(Records from a collection)
Segment Open
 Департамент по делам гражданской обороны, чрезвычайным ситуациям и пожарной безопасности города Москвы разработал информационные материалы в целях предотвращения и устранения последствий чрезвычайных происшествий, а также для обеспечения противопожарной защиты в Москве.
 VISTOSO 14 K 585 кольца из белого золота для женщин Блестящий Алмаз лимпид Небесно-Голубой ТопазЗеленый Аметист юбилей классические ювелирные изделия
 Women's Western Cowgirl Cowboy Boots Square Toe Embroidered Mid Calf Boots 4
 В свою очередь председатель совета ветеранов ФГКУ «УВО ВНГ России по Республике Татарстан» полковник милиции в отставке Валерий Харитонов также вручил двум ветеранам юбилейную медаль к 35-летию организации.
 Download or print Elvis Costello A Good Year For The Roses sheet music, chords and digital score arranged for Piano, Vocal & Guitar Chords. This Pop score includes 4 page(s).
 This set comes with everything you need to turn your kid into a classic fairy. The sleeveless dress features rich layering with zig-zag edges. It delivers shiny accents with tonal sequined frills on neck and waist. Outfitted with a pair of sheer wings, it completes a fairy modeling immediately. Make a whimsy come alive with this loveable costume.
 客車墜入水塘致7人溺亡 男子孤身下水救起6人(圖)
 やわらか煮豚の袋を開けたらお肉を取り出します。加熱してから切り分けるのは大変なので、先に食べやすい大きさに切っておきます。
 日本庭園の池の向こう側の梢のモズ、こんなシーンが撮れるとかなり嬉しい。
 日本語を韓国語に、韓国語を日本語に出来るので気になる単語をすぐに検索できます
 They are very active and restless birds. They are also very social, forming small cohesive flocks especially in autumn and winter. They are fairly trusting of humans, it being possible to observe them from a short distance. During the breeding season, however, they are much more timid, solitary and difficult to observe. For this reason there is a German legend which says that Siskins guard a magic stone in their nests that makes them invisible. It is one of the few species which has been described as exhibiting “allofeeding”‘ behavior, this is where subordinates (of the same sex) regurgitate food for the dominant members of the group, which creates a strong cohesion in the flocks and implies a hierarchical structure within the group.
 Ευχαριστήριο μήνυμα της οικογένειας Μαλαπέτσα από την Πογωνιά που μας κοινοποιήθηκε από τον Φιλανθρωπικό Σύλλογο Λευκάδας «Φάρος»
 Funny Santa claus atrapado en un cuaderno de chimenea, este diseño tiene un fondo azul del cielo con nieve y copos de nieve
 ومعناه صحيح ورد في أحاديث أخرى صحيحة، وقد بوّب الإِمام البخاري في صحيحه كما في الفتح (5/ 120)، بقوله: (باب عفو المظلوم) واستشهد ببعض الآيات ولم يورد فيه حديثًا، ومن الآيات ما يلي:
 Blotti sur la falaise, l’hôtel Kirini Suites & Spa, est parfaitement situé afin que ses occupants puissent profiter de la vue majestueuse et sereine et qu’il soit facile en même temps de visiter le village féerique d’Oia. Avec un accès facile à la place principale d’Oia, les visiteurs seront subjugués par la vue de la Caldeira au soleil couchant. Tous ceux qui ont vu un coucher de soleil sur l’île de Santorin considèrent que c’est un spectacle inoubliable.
Segment Closed
## [Required action]
From the entries above, pull out each line that includes "также".

## [Answer to this task]
 Департамент по делам гражданской обороны, чрезвычайным ситуациям и пожарной безопасности города Москвы разработал информационные материалы в целях предотвращения и устранения последствий чрезвычайных происшествий, а также для обеспечения противопожарной защиты в Москве.
 В свою очередь председатель совета ветеранов ФГКУ «УВО ВНГ России по Республике Татарстан» полковник милиции в отставке Валерий Харитонов также вручил двум ветеранам юбилейную медаль к 35-летию организации.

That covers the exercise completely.